Dela Rosa to CHR: Hire investigators who are ‘pro-police, pro-military’ too
MANILA, Philippines — Senator Ronald “Bato” dela Rosa advised the Commission on Human Rights (CHR) to open up its recruitment of investigators to those who are “pro-police” or “pro-military.”
During Tuesday’s Senate deliberations on CHR’s proposed budget for 2021, Dela Rosa, a former national police chief, said the constitutional body’s conduct of investigations into violations involving the security sector would be more effective if it would employ pro-police or pro-military probers.
“If I may, to the Commission on Human Rights, magbigay lang sana ako sa inyo ng unsolicited advice kung paano kayo maka-recrute…Kasi nakikita ko parang kulang sa attraction ‘yung ginagawa niyong recruitment,” the senator said.
“Sana huwag niyong i-limit ‘yung recuitment ninyo…Baka may unwritten qualifications kayo diyan na dapat ‘yung papasok sa CHR ay hindi pro-government, hindi pro-military, hindi pro-police,” he added.
He then cited as an example CHR’s former commissioner, Atty. Dominador Calamba II, who was a reserve officer in the military.
Calamba served as CHR’s Davao Region director before becoming a commissioner, CHR chair Chito Gascon noted.
“Yung si Atty. Calamba na ‘yun, he was a human rights lawyer at the same time he was a reservist in the military. Reserve officer po siya kaya he can play both sides and he was very effective,” Dela Rosa continued.
He also recalled that Calamba had also previously investigated him when he was still a low-ranking police officer in Davao.
“Naiimbistigahan niya ko noon. He can just get inside the camp and conduct investigations dahil siya ay reservist. Kaya very effective po siya sa kanyang mandate as a human rights investigator,” Dela Rosa said.
“Gusto ko lang mag-advise sa inyo na mag-recruit din kayo ng mag pro-military, pro-police dahil madaling makapasok dun sa mga kampo ‘pag nag-conduct ng investigation,” he added.
Thank you, but…
Gascon thanked Dela Rosa for his advice but pointed out that political affiliation is never considered in CHR’s recruitment and promotion process.
“We just focus on the qualification standards,” he asserted.
The CHR chair also said that the commission actively coordinates with the security sector in the conduct of investigation involving its personnel.
“The CHR works with and engages the security sector on a partnership basis. Both the police and military already have what I refer to as human rights affairs offices. In fact, the head of the human rights affairs office is part of the senior command staff,” Gascon said.
“We are doing our level best to improve this relationship with human rights officers in the police and the military,” he added.
Further, he said that the CHR is also improving its human rights education.

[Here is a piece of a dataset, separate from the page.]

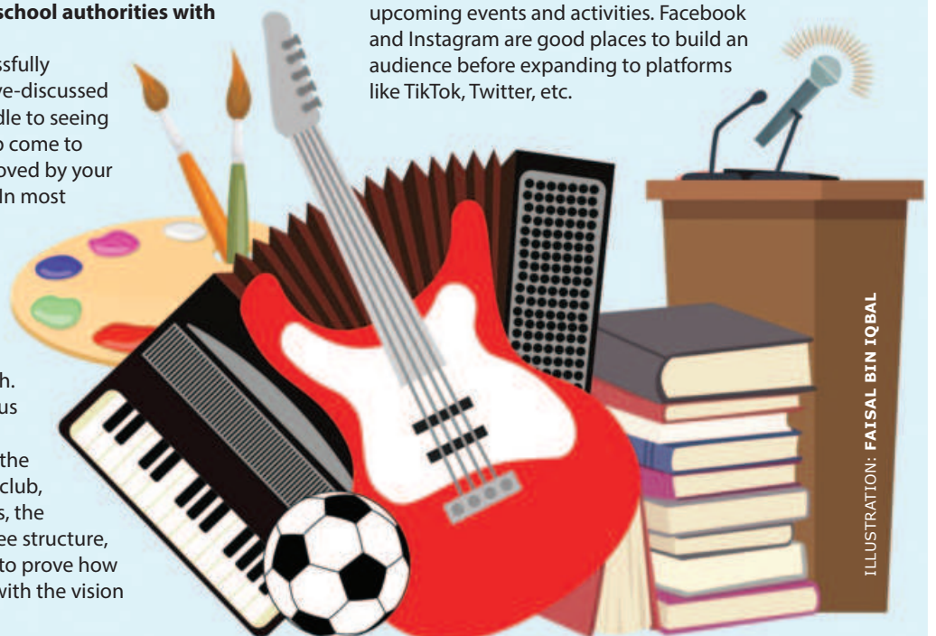
ILLUSTRATION: FAISAL BIN IQBAL

In this day and age, social media is perhaps the most powerful tool for promoting your club, attracting new members, and keeping everyone informed about upcoming events and activities. Facebook and Instagram are good places to build an audience before expanding to platforms like TikTok, Twitter, etc.

“Iniimbita ‘yung aming regional directors na nagiging resource persons sa mga human rights training sa loob ng security sector. This is continuing,” Gascon added.

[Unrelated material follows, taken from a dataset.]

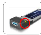
Access LED (NB)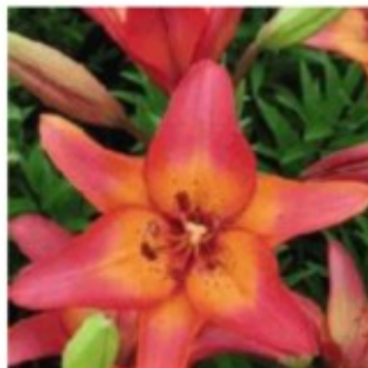
Royal Sunset 8 Pink with melon centers. 4', June

Gascon then told lawmakers that its regional officers are being encouraged to quickly fill up vacant positions in CHR.
“We are really trying to push our human resources to do more and to do better in both recruitment and promotion and hopefully, itong 165 vacant positions, in the next three and a half months, will ultimately be filled,” Gascon said.
As an independent constitutional office, the CHR plays an oversight function on the compliance of the government in protecting and upholding the rights of all citizens.
The CHR’s mandate also includes the conduct of investigations into human rights violations committed against marginalized and vulnerable sectors.